### Try it
Go to the line below that has "在試驗成功的基礎上,蘇里格氣田對 ACD-1DL 油水分析液位計進行了全面推廣,截止到", print it and each line after it exactly, and stop after the line that has "例えば「ごみと入力すると、ご"; leave out pictures.

Task material below:

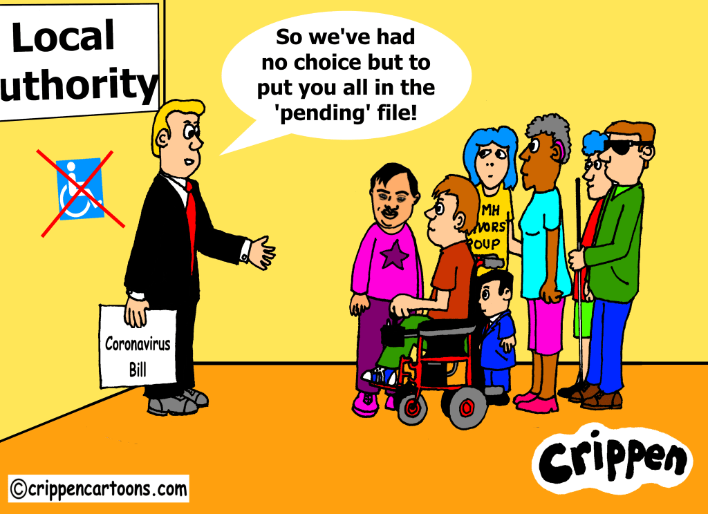 A group of disabled people representing differing ethnicities and impairments are confronting a white male in a suit. Behind him is a large sign identifying him as belong to the local government. There is also a blue wheelchair symbol with a red cross through it. The man is also holding a document that reads ‘Coronavirus Bill’. He is saying to the disabled people: “So we’ve had no choice but to put you all in the ‘pending’ file!”
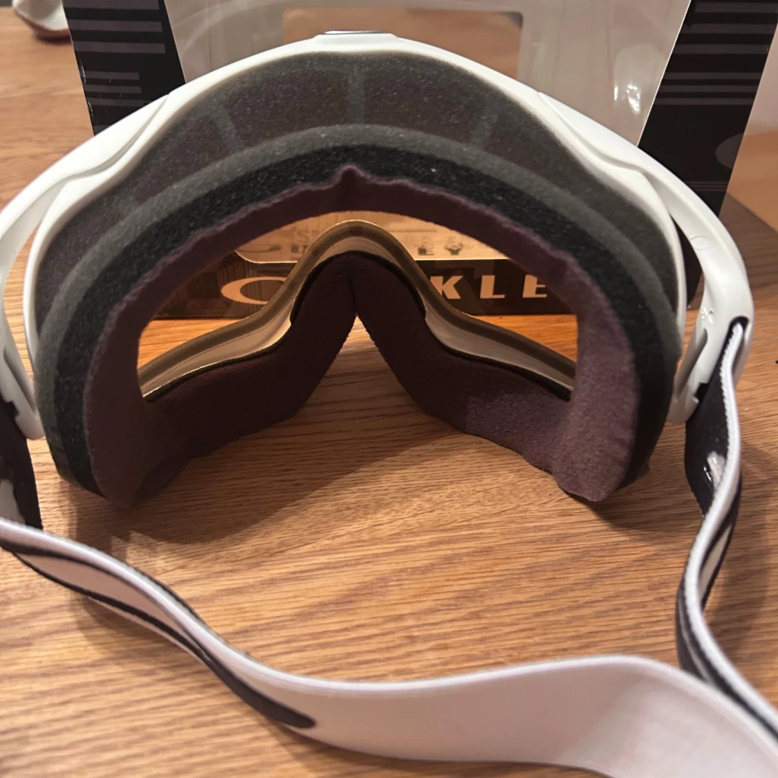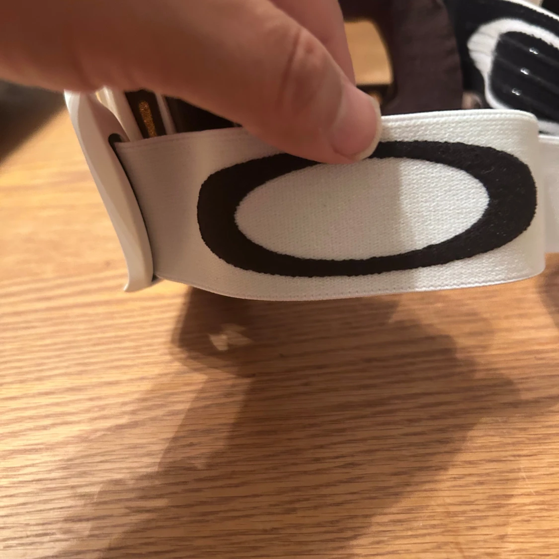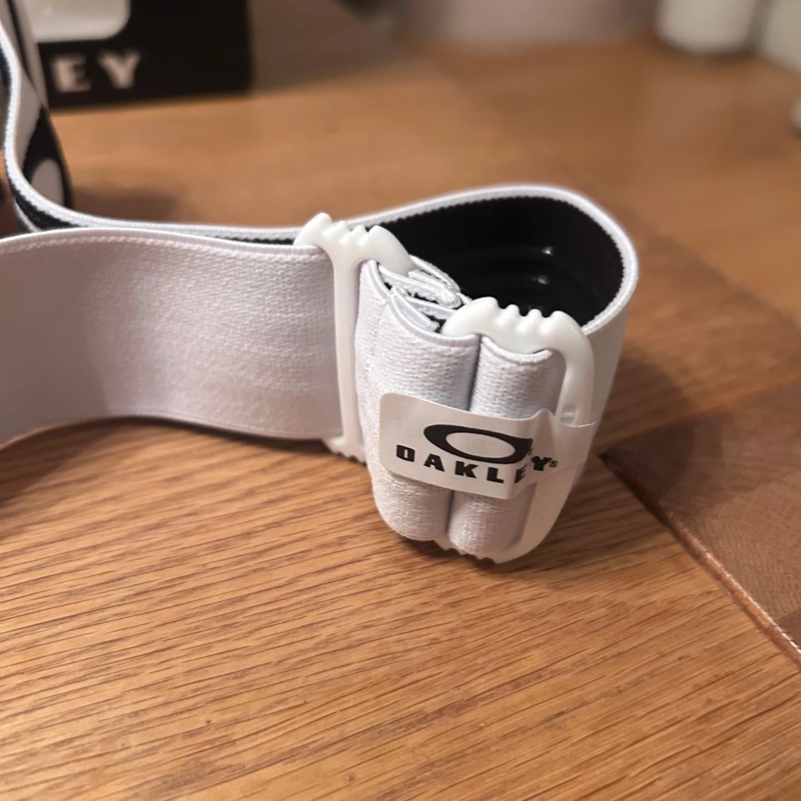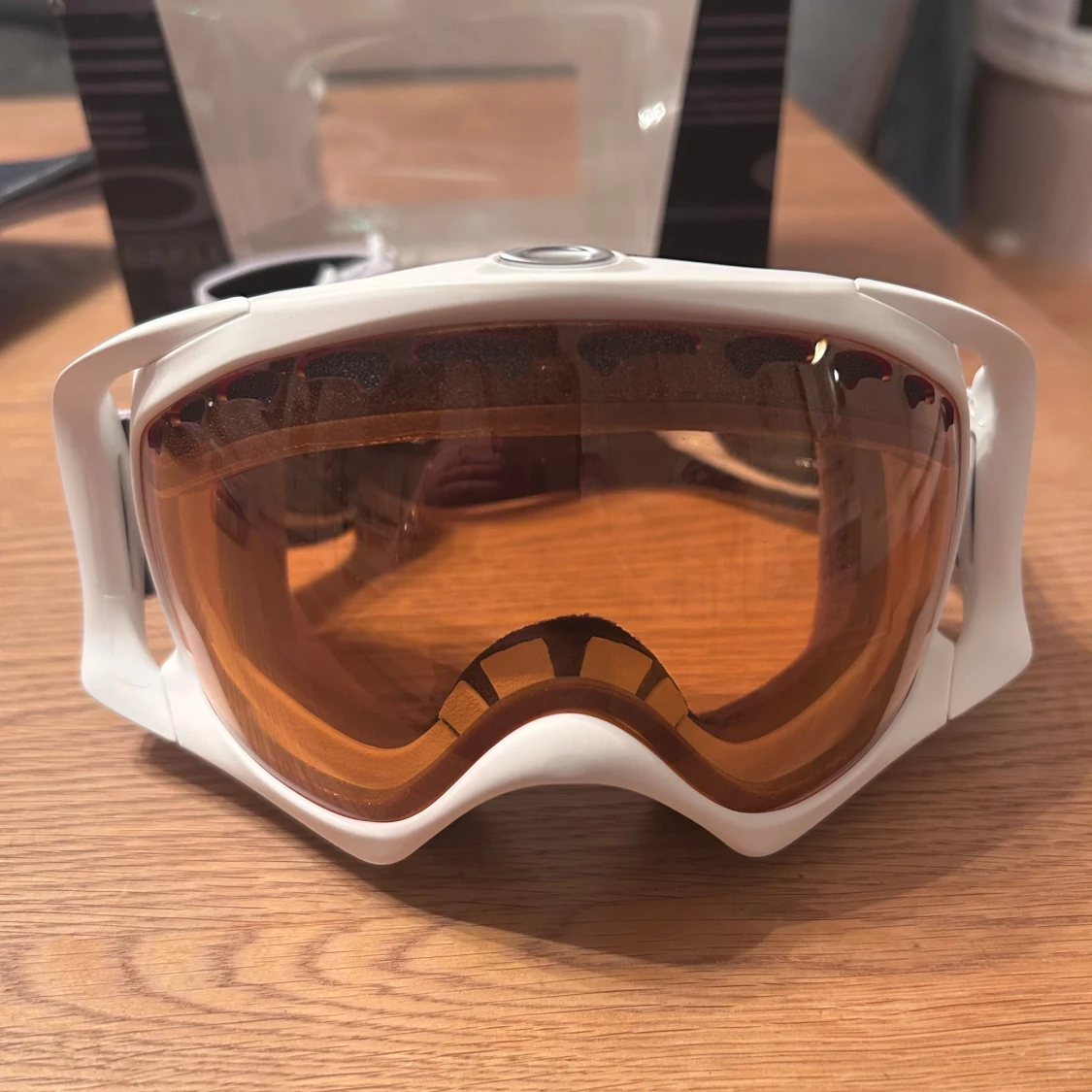 Säljer ett par feta Oakley skidglasögon med vit ram och bredt vitt band med svart Oakley-logga. Linsen är orange och ger grym kontrast i snön. Perfekta för dig som vill sticka ut i backen och få maxad sikt under åkning.
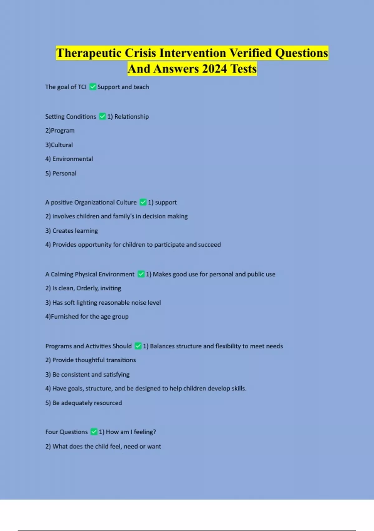 Therapeutic Crisis Intervention Verified Questions And Answers 2024 Tests Therapeutic Crisis Intervention Verified Questions And Answers 2024 Tests
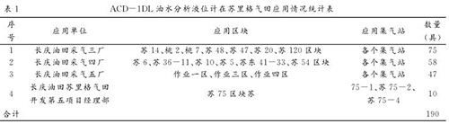 在試驗成功的基礎上,蘇里格氣田對 ACD-1DL 油水分析液位計進行了全面推廣,截止到 2014年 11 月底,共在 87 座集氣站應用 190 臺,各單位應用情況統計見表 1 。
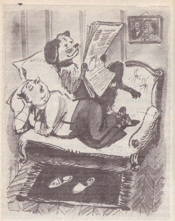 Фердинанд снова принялся читать газету с самого начала. Но он все уже знал, и газета быстро ему надоела. Сощурив глаза, Фердинанд принялся рассматривать ноги хозяина.
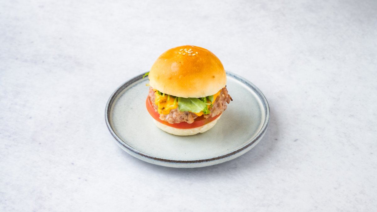 100%鴨肉パティでつくるミニサイズチーズバーガ-です。
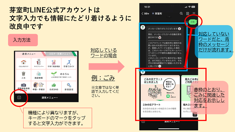 例えば「ごみと入力すると、ごみに関するメニューが表示される」「新嵐山と入力すると新嵐山スカイパークのホームページへのリンクを表示する」などです。
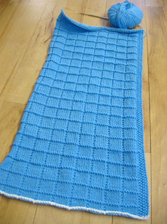 Seems like you're making progess pretty quickly! I like those square stitch patterns using knit and purl. They look nice and crisp, and the blanket is just the right way to showcase them.
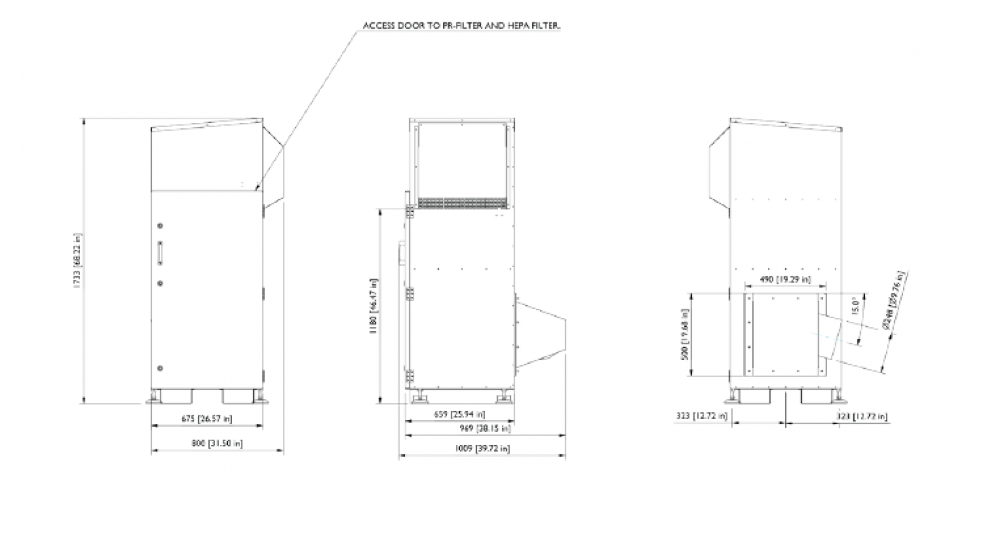 Jednostka wyposażona jest w filtr wstępny klasy F9 oraz filtr HEPA H14, zapewniające wysoką skuteczność filtracji. Filtr wstępny wychwytuje ponad 95% cząstek o wielkości 0,4 µm, natomiast filtr główny zatrzymuje ponad 99,995% cząstek o wielkości 0,3 µm. Zastosowany system filtracji zapewnia długą żywotność wkładów oraz niskie wymagania konserwacyjne.
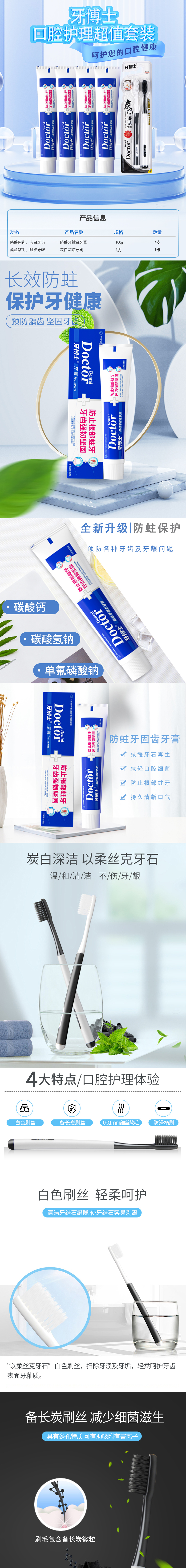 牙博士防蛀牙固齿牙膏160g*4支+送2支牙刷 WY
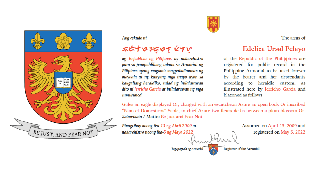 Assumed/granting authority: Assumed, April 13, 2009. Motto assumed, 2013. Registered, Philippine Armorial, May 5, 2022.
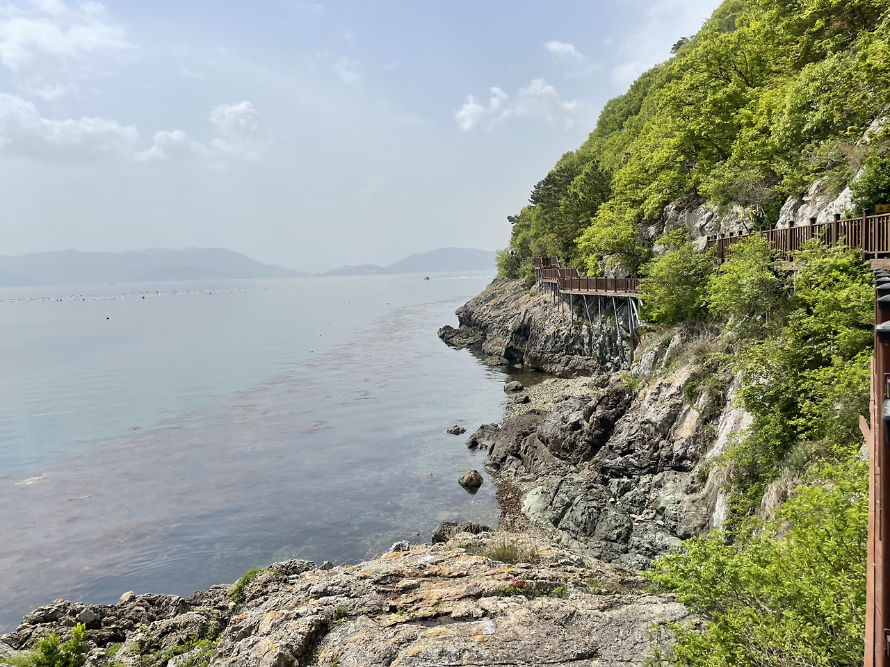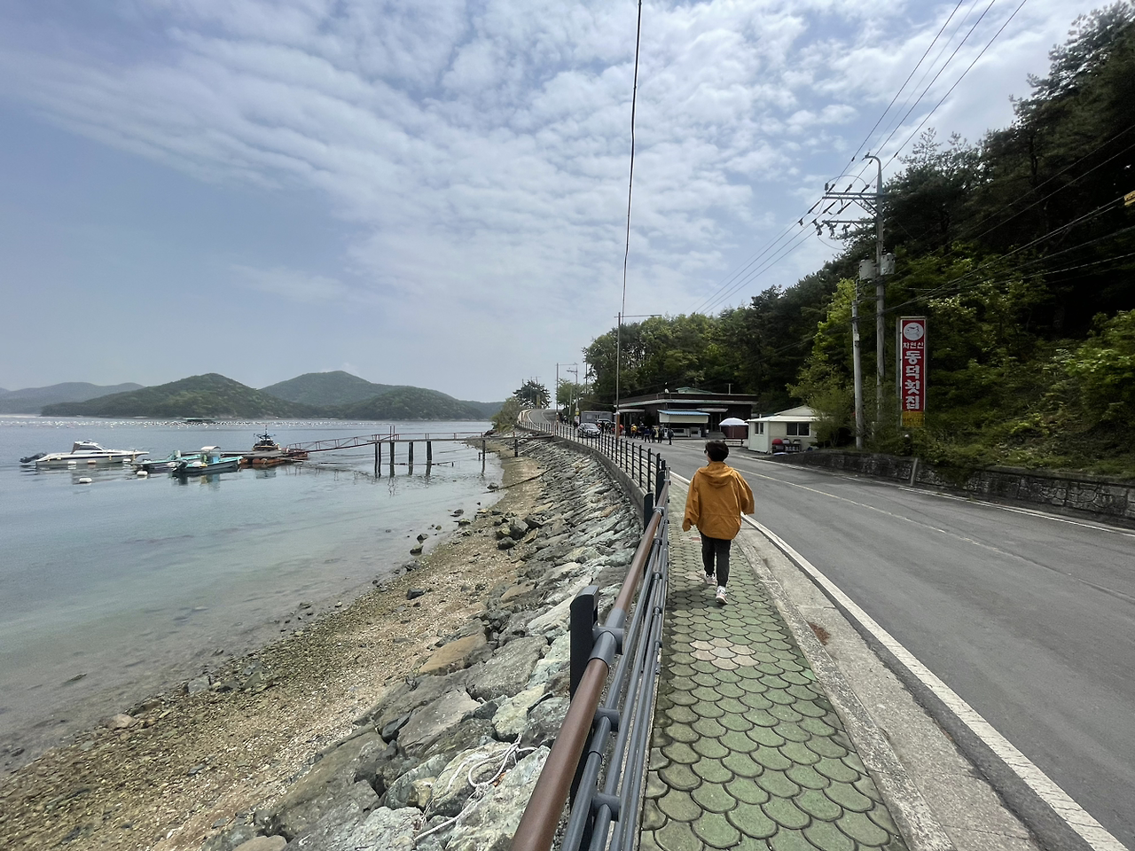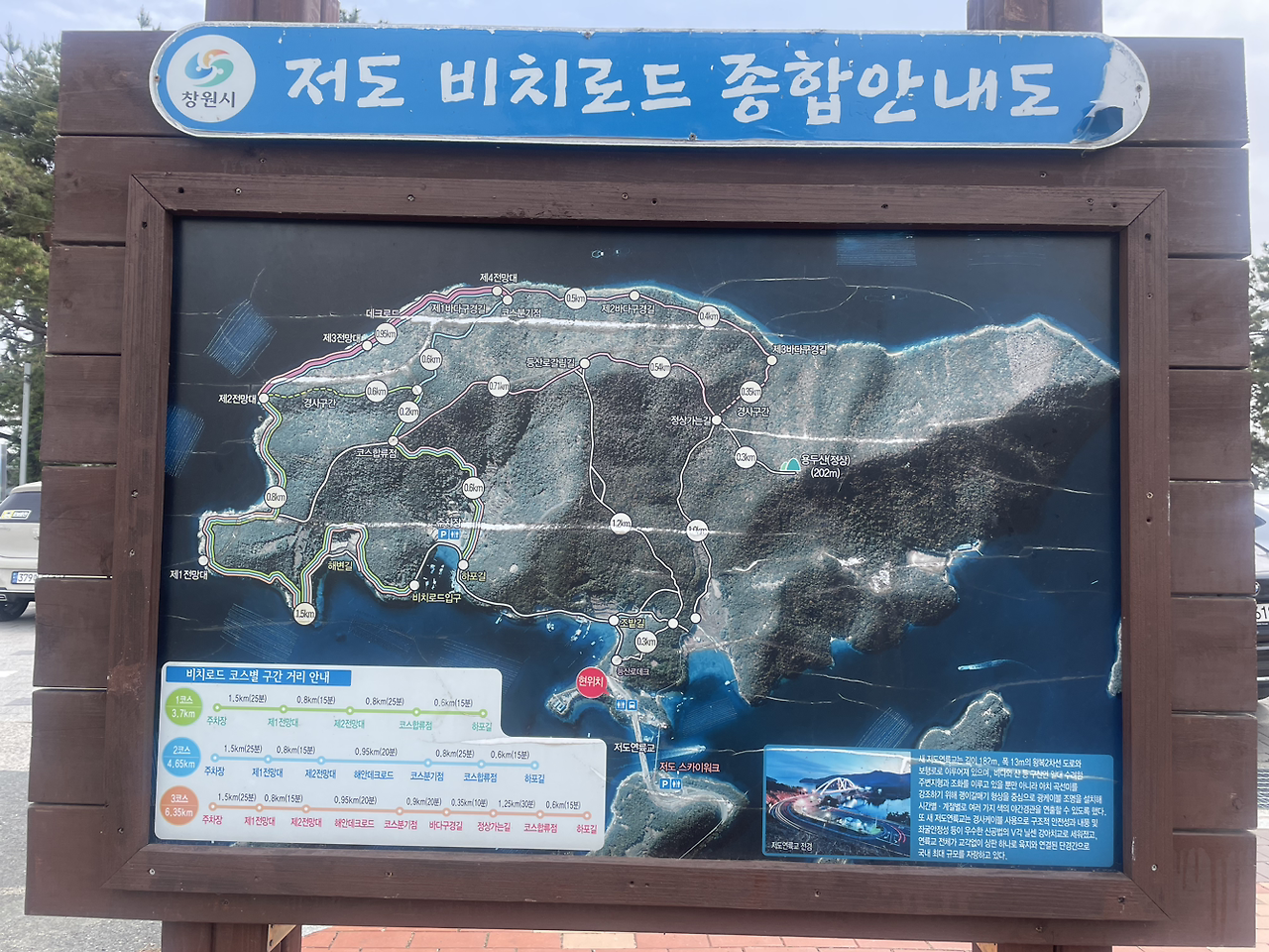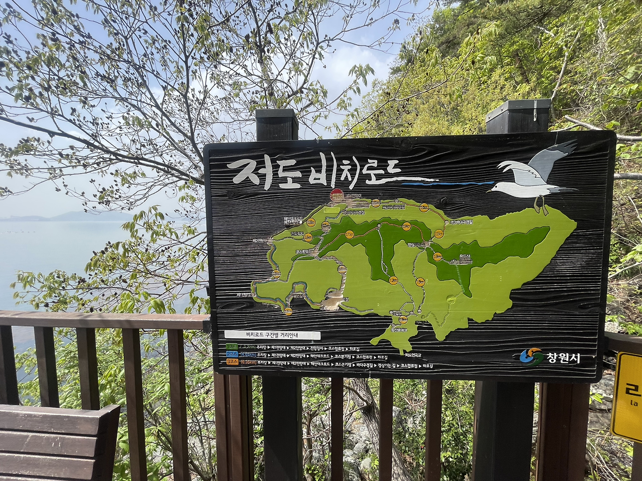 배가 불러 좀 걷자고 한 말이 계기가 되어 저도 둘레길을 걷게 됐다. 처음엔 박정희 별장이 있고 박근혜가 방문했다는 그 저도인 줄 알았다. 알고 보니 박정희 별장이 있던 곳은 경남 김해 저도이고, 우리가 있는 곳은 경남 창원 마산 저도이다. 생각지도 않게 바다 둘레길을 걷게 되었고, 풍경에 감탄했다. 산을 빙 둘러 바다가 보이는 비치로드를 2시간쯤 걸었다. 하산하여 마을 커피숍에서 아이스커피 한 잔으로 마무리하며, 목마름을 달랬다.

End of Task material.

### Answer space
 在試驗成功的基礎上,蘇里格氣田對 ACD-1DL 油水分析液位計進行了全面推廣,截止到 2014年 11 月底,共在 87 座集氣站應用 190 臺,各單位應用情況統計見表 1 。
 Фердинанд снова принялся читать газету с самого начала. Но он все уже знал, и газета быстро ему надоела. Сощурив глаза, Фердинанд принялся рассматривать ноги хозяина.
 100%鴨肉パティでつくるミニサイズチーズバーガ-です。
 例えば「ごみと入力すると、ごみに関するメニューが表示される」「新嵐山と入力すると新嵐山スカイパークのホームページへのリンクを表示する」などです。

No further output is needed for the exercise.